*** Extracted records ***

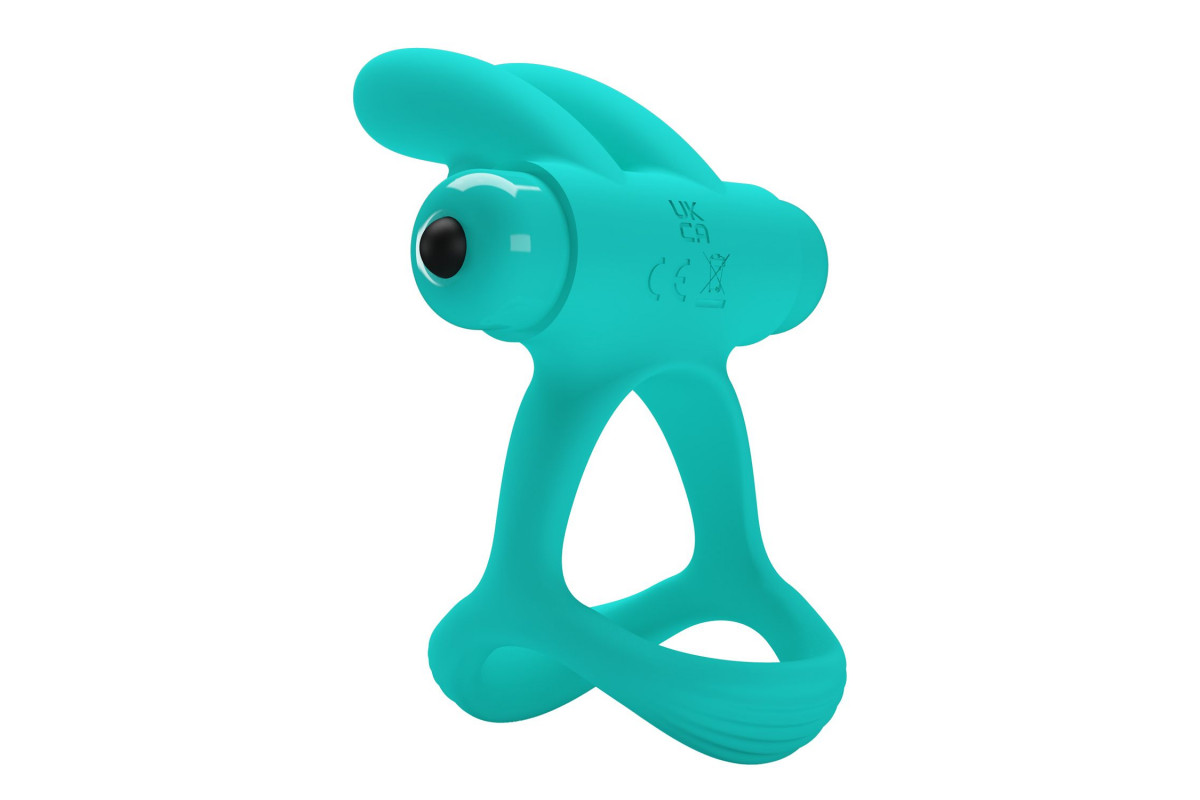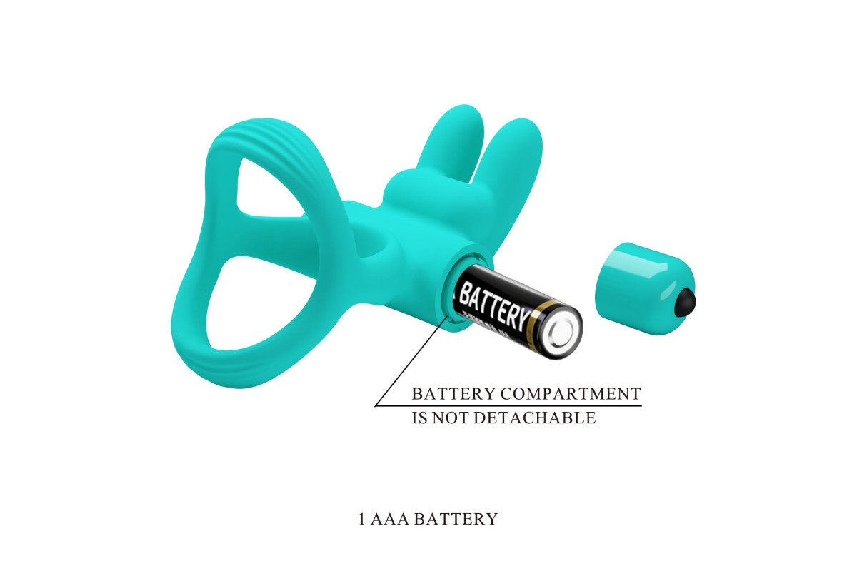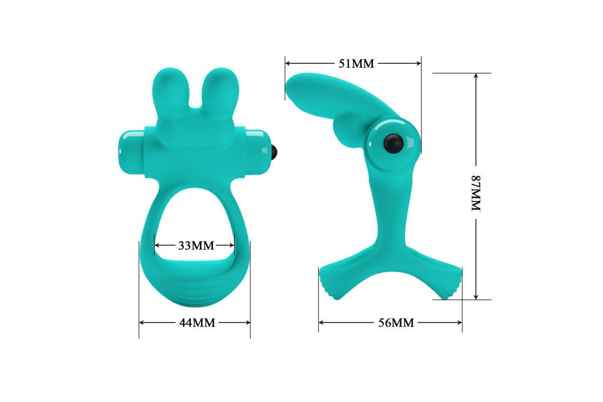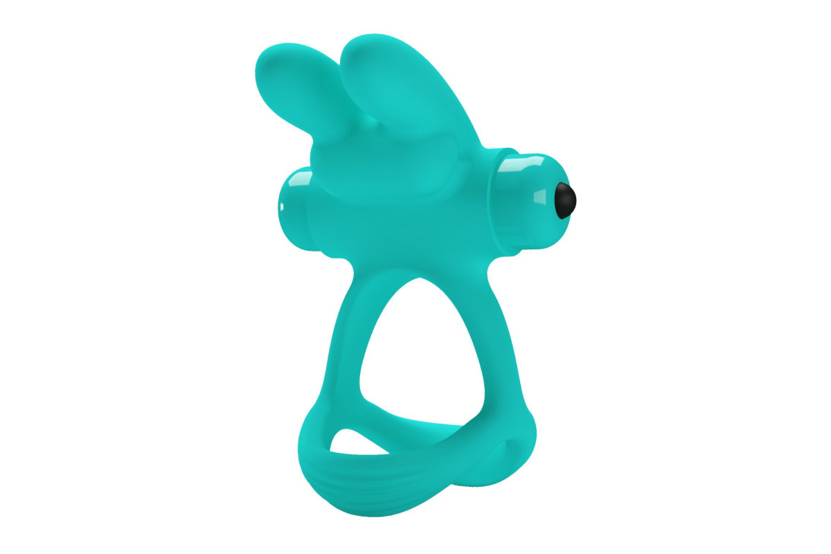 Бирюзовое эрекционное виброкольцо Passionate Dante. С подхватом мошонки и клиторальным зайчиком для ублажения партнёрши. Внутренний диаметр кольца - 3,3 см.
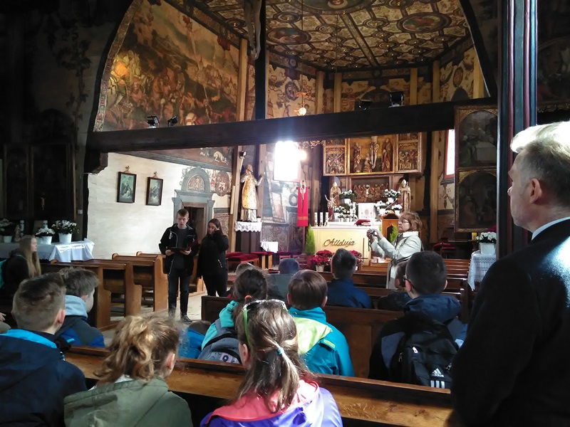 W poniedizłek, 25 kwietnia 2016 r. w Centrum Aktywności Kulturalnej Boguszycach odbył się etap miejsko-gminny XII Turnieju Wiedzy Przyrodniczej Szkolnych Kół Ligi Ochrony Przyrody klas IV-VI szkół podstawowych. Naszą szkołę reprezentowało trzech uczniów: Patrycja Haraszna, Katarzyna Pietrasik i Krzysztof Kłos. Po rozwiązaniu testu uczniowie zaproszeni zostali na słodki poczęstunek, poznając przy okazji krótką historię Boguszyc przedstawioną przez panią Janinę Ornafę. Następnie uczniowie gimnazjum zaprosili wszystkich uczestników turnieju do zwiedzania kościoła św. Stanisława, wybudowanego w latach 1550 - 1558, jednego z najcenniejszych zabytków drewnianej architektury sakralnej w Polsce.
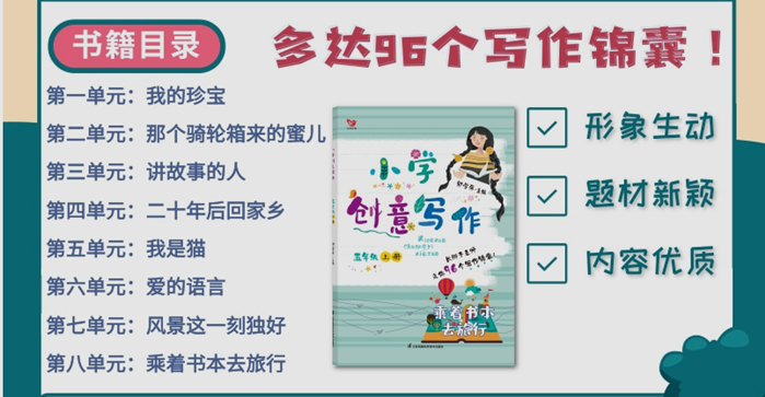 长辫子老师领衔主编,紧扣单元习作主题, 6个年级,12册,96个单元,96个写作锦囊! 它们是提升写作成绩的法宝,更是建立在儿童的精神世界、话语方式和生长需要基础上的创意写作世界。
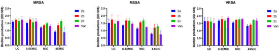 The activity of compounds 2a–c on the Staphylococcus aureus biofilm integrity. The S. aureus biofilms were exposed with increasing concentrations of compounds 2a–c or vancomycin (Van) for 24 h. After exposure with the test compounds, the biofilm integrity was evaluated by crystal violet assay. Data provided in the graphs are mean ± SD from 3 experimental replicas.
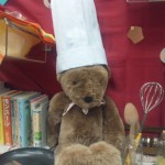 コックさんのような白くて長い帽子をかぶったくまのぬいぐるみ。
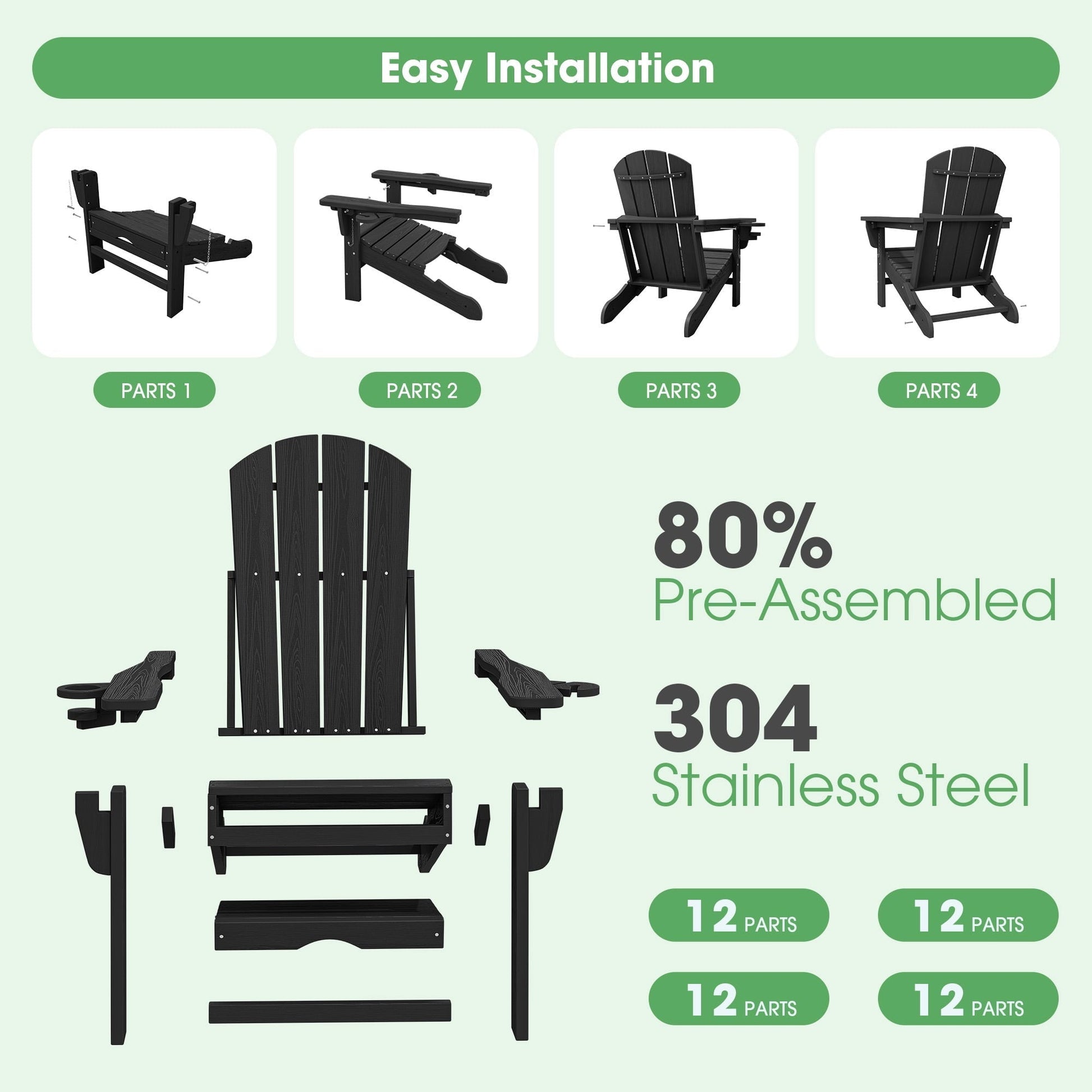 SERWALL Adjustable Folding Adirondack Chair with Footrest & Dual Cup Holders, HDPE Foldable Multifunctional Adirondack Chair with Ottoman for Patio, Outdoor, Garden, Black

***
*** Extracted records ***

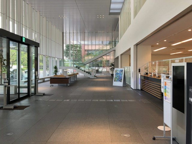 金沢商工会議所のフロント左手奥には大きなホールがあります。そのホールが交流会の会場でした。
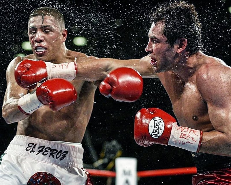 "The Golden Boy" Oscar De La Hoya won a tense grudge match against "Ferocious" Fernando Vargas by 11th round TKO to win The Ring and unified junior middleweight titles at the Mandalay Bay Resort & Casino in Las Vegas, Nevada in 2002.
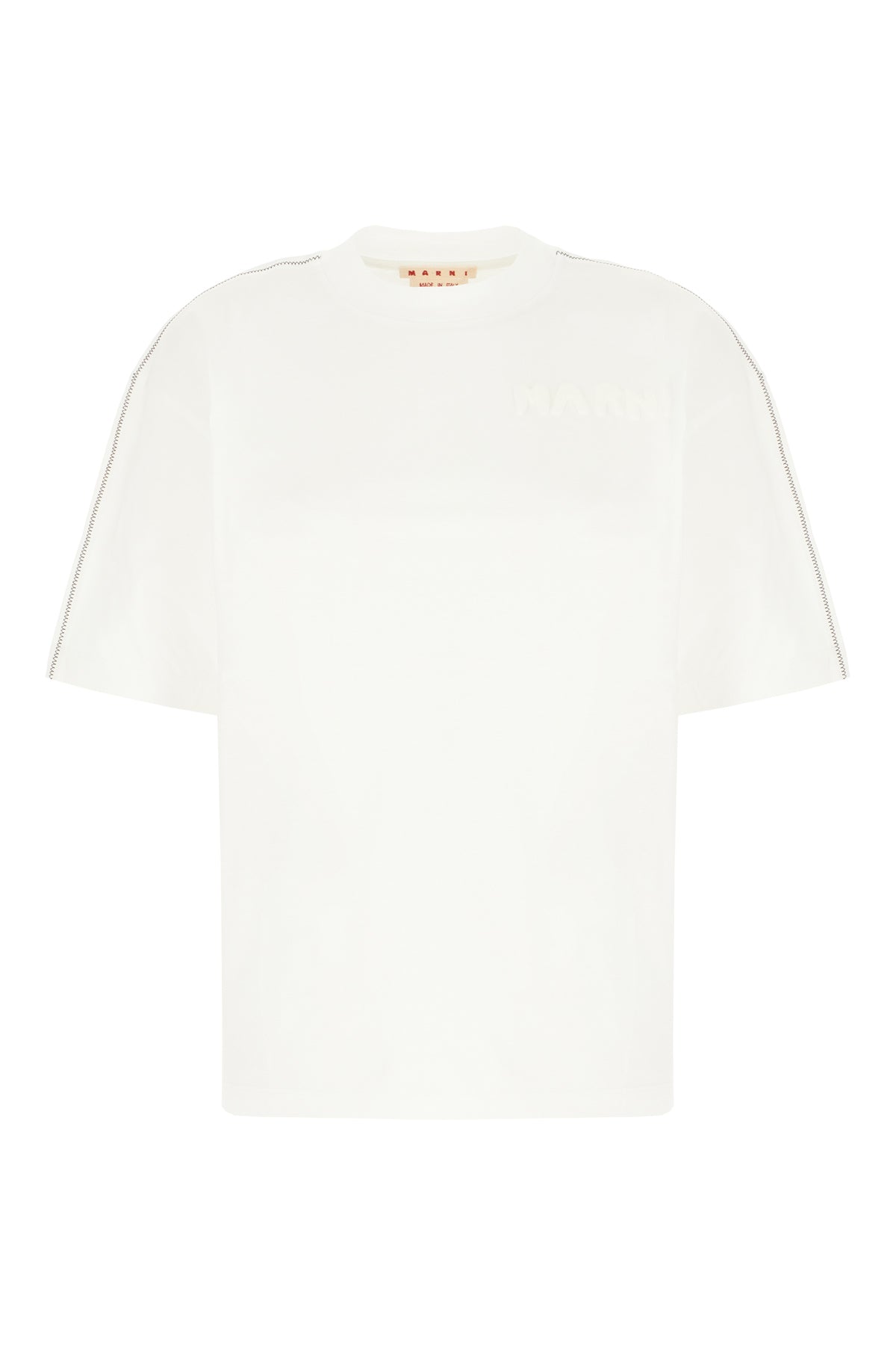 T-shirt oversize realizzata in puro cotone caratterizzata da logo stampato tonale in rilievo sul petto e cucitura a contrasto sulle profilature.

***

• Task goal:
Only the lines above from the one containing "W poniedizłek, 25" through the one containing "SERWALL Adjustable Folding" should be returned, verbatim and inclusive, with pictures excluded.

• Expected answer:
 W poniedizłek, 25 kwietnia 2016 r. w Centrum Aktywności Kulturalnej Boguszycach odbył się etap miejsko-gminny XII Turnieju Wiedzy Przyrodniczej Szkolnych Kół Ligi Ochrony Przyrody klas IV-VI szkół podstawowych. Naszą szkołę reprezentowało trzech uczniów: Patrycja Haraszna, Katarzyna Pietrasik i Krzysztof Kłos. Po rozwiązaniu testu uczniowie zaproszeni zostali na słodki poczęstunek, poznając przy okazji krótką historię Boguszyc przedstawioną przez panią Janinę Ornafę. Następnie uczniowie gimnazjum zaprosili wszystkich uczestników turnieju do zwiedzania kościoła św. Stanisława, wybudowanego w latach 1550 - 1558, jednego z najcenniejszych zabytków drewnianej architektury sakralnej w Polsce.
 长辫子老师领衔主编,紧扣单元习作主题, 6个年级,12册,96个单元,96个写作锦囊! 它们是提升写作成绩的法宝,更是建立在儿童的精神世界、话语方式和生长需要基础上的创意写作世界。
 The activity of compounds 2a–c on the Staphylococcus aureus biofilm integrity. The S. aureus biofilms were exposed with increasing concentrations of compounds 2a–c or vancomycin (Van) for 24 h. After exposure with the test compounds, the biofilm integrity was evaluated by crystal violet assay. Data provided in the graphs are mean ± SD from 3 experimental replicas.
 コックさんのような白くて長い帽子をかぶったくまのぬいぐるみ。
 SERWALL Adjustable Folding Adirondack Chair with Footrest & Dual Cup Holders, HDPE Foldable Multifunctional Adirondack Chair with Ottoman for Patio, Outdoor, Garden, Black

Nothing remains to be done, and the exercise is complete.